Directions for this task:
The lines needed run from the one that contains "EMAR МРАМОР EMМ-175" through the end of the material below, both included; write them out exactly, with no pictures.

= = =

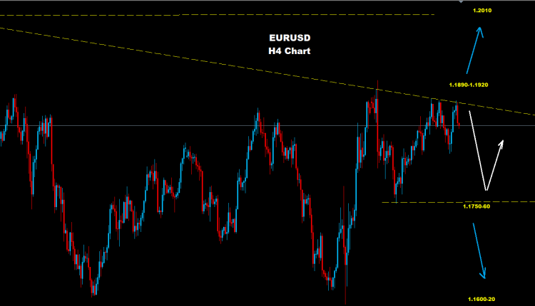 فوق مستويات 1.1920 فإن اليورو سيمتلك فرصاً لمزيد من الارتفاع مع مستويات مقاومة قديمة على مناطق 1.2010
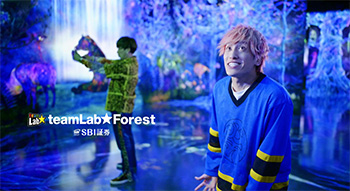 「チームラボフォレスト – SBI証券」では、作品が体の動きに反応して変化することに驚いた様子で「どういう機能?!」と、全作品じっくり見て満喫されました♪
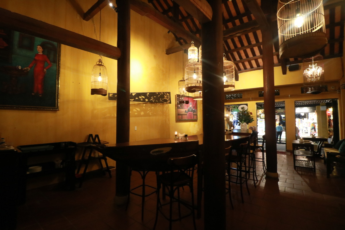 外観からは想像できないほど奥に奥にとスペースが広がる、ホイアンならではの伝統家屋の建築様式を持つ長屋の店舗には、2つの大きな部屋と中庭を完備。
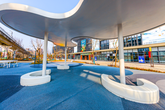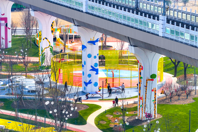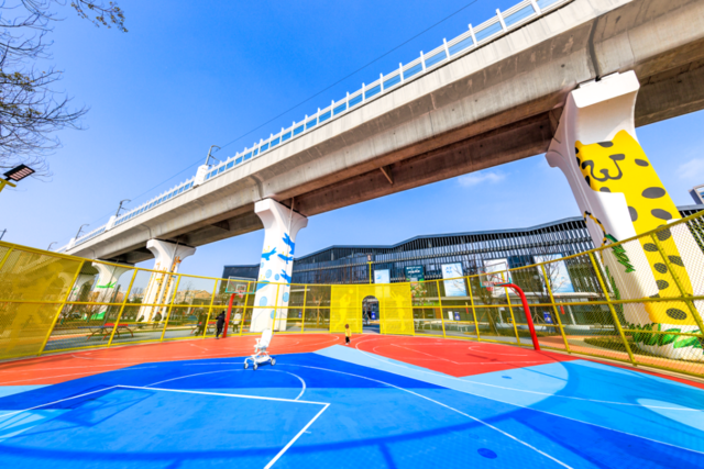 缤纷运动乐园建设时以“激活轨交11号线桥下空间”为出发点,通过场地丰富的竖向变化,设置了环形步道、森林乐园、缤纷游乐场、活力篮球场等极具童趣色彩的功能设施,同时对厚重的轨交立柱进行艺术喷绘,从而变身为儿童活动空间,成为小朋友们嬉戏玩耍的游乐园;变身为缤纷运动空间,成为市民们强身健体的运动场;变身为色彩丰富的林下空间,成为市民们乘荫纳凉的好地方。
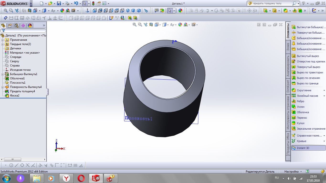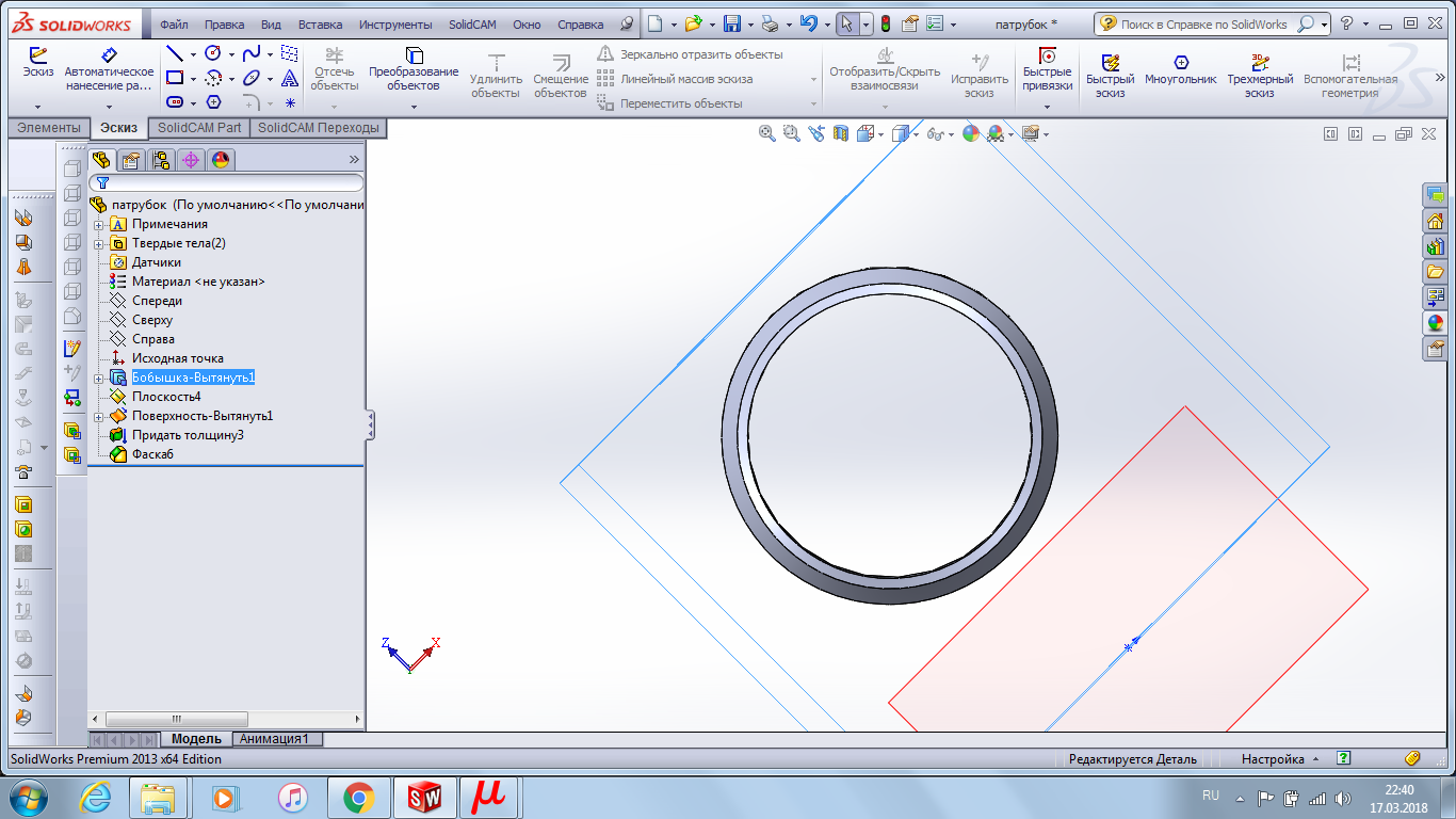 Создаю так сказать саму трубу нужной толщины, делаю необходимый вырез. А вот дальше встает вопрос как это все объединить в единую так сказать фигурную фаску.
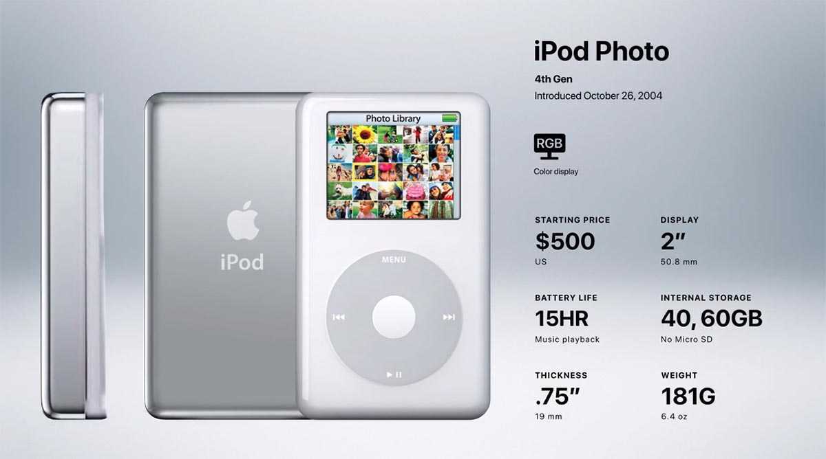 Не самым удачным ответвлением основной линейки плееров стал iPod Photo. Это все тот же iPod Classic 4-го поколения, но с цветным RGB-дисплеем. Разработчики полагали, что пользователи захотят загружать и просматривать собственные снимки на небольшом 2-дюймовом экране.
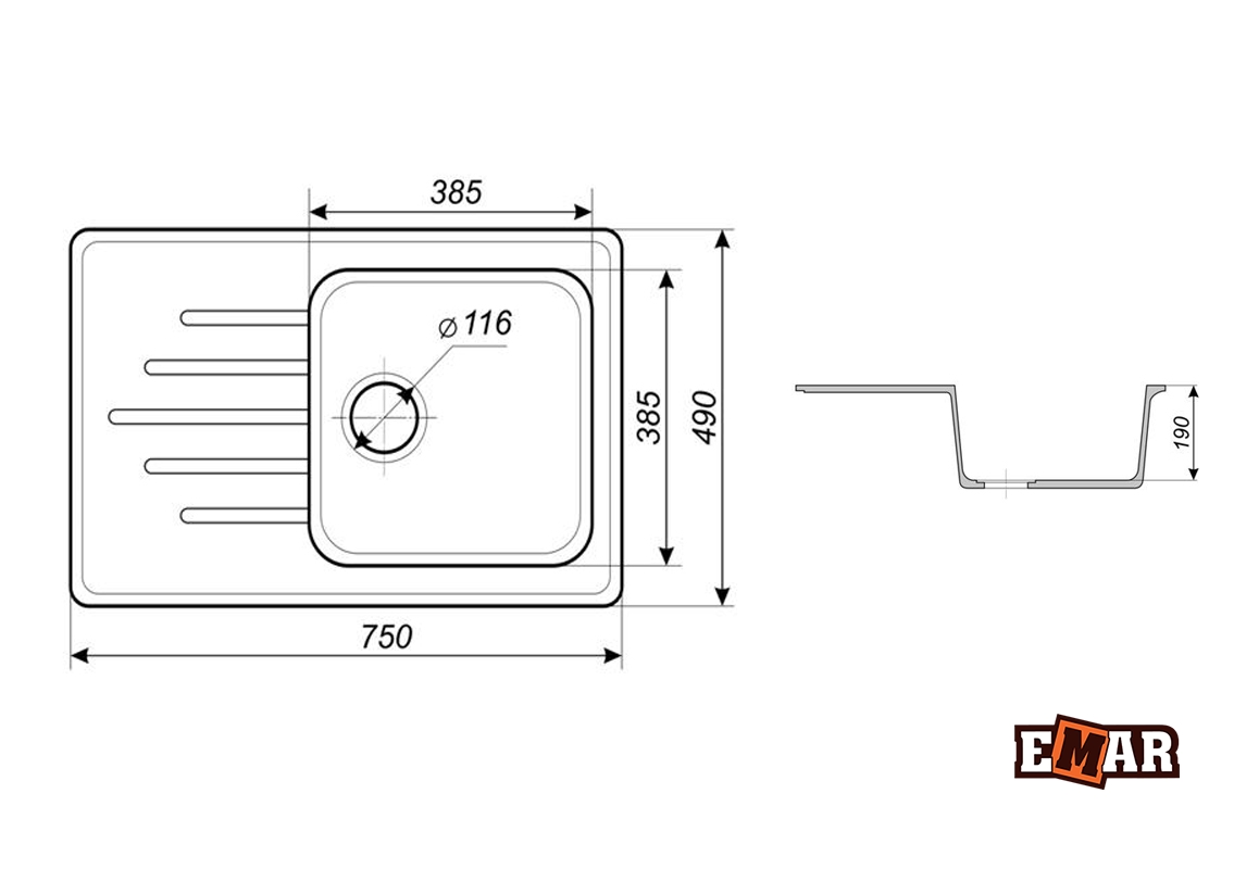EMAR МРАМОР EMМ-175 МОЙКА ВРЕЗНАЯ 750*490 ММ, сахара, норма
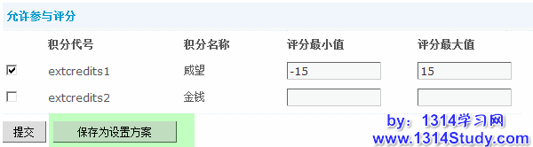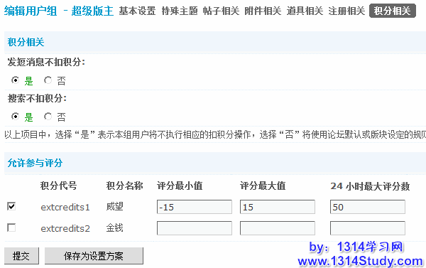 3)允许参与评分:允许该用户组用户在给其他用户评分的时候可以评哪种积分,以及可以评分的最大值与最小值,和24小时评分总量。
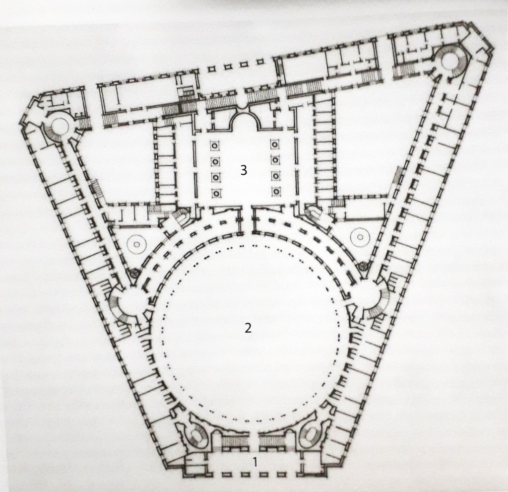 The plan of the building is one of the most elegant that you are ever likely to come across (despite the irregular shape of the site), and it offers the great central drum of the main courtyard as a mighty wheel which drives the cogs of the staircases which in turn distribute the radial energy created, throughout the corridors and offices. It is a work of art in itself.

= = =

Answer box:
EMAR МРАМОР EMМ-175 МОЙКА ВРЕЗНАЯ 750*490 ММ, сахара, норма
 3)允许参与评分:允许该用户组用户在给其他用户评分的时候可以评哪种积分,以及可以评分的最大值与最小值,和24小时评分总量。
 The plan of the building is one of the most elegant that you are ever likely to come across (despite the irregular shape of the site), and it offers the great central drum of the main courtyard as a mighty wheel which drives the cogs of the staircases which in turn distribute the radial energy created, throughout the corridors and offices. It is a work of art in itself.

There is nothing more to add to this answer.